▶ _Your assignment_
Return the lines of the listing below exactly as they appear, beginning at the one with "Die Firmen, welche" and stopping after the one with "Quadrante analogico blu"; do not include pictures.

▶ _Data for the task_
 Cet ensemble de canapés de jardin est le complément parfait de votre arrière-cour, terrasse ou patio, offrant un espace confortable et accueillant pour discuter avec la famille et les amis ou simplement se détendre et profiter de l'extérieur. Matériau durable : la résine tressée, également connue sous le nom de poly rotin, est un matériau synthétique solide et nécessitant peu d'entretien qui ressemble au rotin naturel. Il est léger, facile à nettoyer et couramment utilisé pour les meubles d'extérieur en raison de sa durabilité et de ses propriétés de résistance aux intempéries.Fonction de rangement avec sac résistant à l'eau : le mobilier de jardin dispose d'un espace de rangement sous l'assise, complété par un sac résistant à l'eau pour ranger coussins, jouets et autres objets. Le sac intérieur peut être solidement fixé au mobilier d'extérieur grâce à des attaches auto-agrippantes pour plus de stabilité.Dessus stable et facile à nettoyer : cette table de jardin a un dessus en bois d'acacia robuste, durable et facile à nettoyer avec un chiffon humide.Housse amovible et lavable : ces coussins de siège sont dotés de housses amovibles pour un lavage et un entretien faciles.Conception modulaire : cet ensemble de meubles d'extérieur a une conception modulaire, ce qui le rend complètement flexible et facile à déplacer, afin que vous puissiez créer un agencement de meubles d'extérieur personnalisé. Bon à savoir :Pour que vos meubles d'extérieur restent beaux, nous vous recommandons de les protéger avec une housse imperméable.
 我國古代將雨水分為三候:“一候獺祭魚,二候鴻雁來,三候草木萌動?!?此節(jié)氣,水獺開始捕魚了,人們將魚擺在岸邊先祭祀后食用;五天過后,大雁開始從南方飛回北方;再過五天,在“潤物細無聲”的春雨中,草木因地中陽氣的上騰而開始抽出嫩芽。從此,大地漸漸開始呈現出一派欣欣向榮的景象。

...

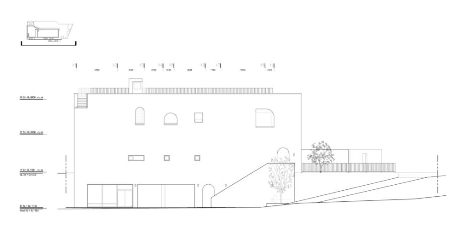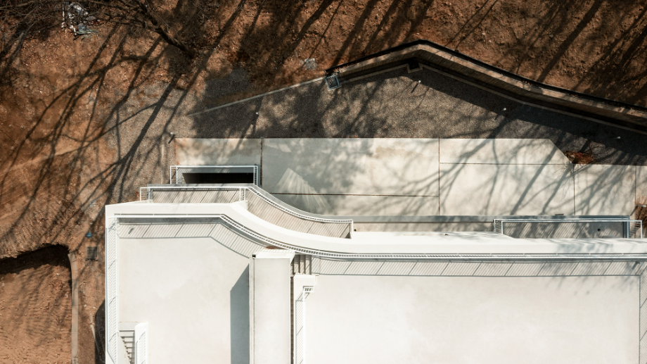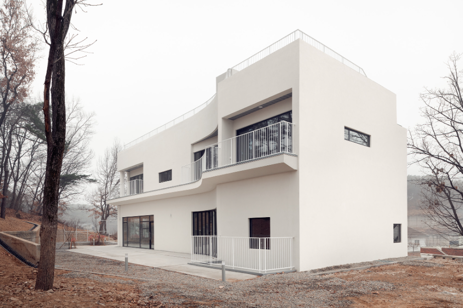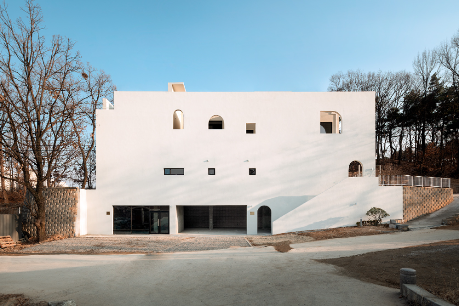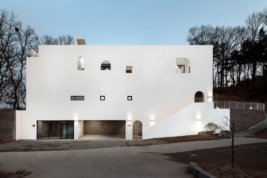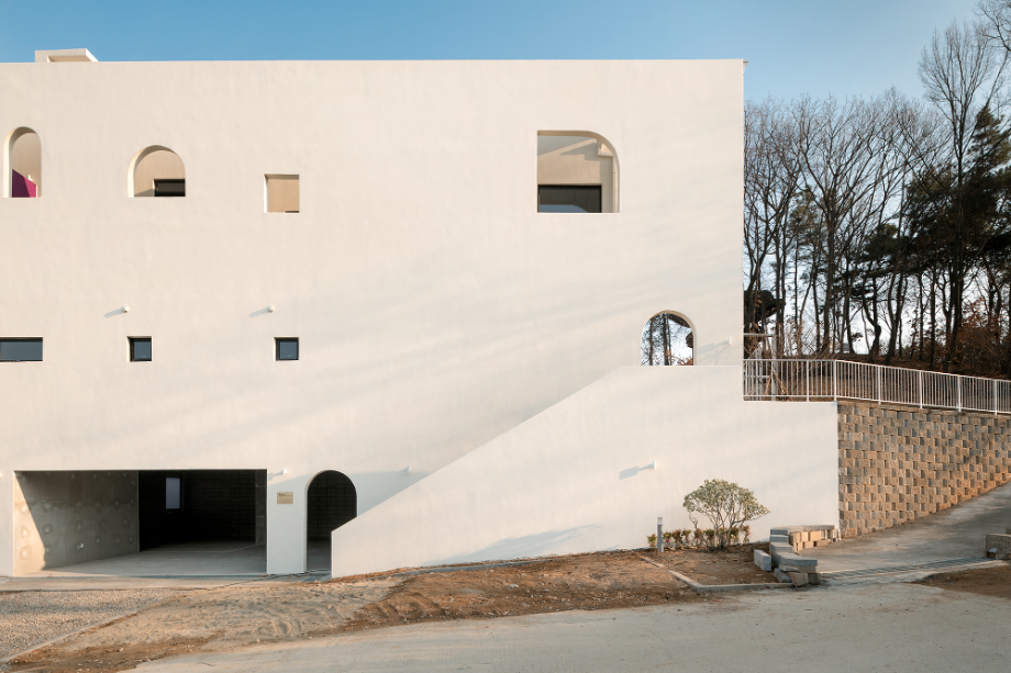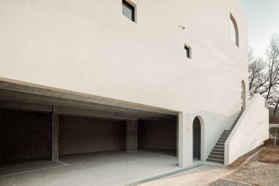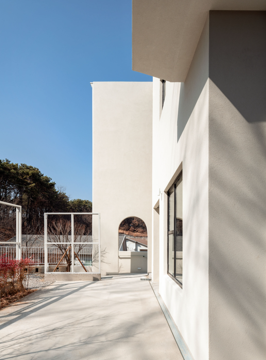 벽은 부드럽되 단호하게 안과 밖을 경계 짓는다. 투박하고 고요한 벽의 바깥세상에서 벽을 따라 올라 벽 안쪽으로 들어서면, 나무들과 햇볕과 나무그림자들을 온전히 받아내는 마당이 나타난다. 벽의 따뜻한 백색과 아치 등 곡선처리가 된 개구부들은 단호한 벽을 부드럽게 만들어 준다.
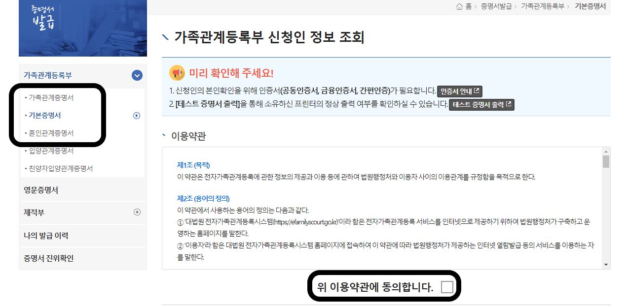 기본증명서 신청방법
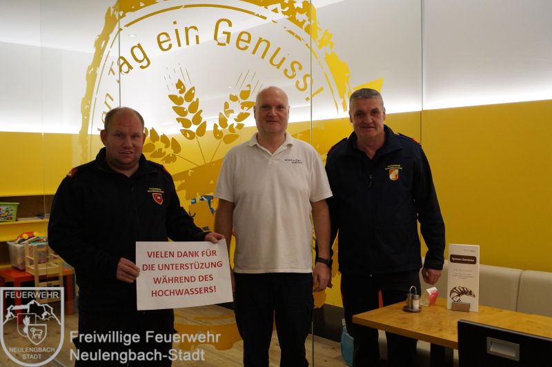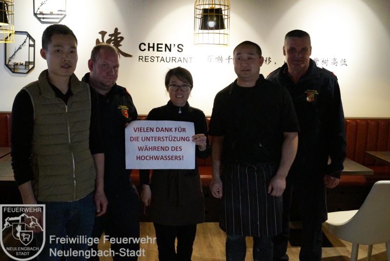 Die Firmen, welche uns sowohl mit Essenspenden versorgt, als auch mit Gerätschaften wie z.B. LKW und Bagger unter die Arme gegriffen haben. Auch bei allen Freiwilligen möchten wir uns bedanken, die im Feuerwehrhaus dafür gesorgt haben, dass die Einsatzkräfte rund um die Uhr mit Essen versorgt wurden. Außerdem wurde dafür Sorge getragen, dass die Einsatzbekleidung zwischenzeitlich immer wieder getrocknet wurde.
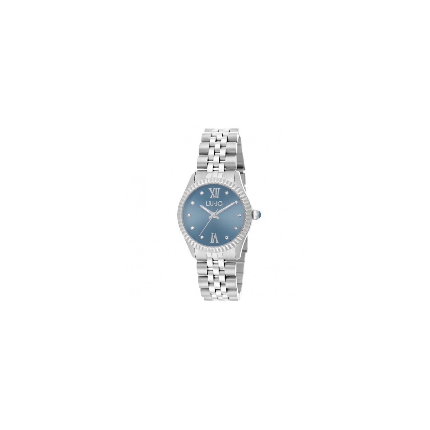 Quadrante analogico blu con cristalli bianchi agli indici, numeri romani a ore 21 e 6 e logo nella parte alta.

▶ _Problem solution_
 Die Firmen, welche uns sowohl mit Essenspenden versorgt, als auch mit Gerätschaften wie z.B. LKW und Bagger unter die Arme gegriffen haben. Auch bei allen Freiwilligen möchten wir uns bedanken, die im Feuerwehrhaus dafür gesorgt haben, dass die Einsatzkräfte rund um die Uhr mit Essen versorgt wurden. Außerdem wurde dafür Sorge getragen, dass die Einsatzbekleidung zwischenzeitlich immer wieder getrocknet wurde.
 Quadrante analogico blu con cristalli bianchi agli indici, numeri romani a ore 21 e 6 e logo nella parte alta.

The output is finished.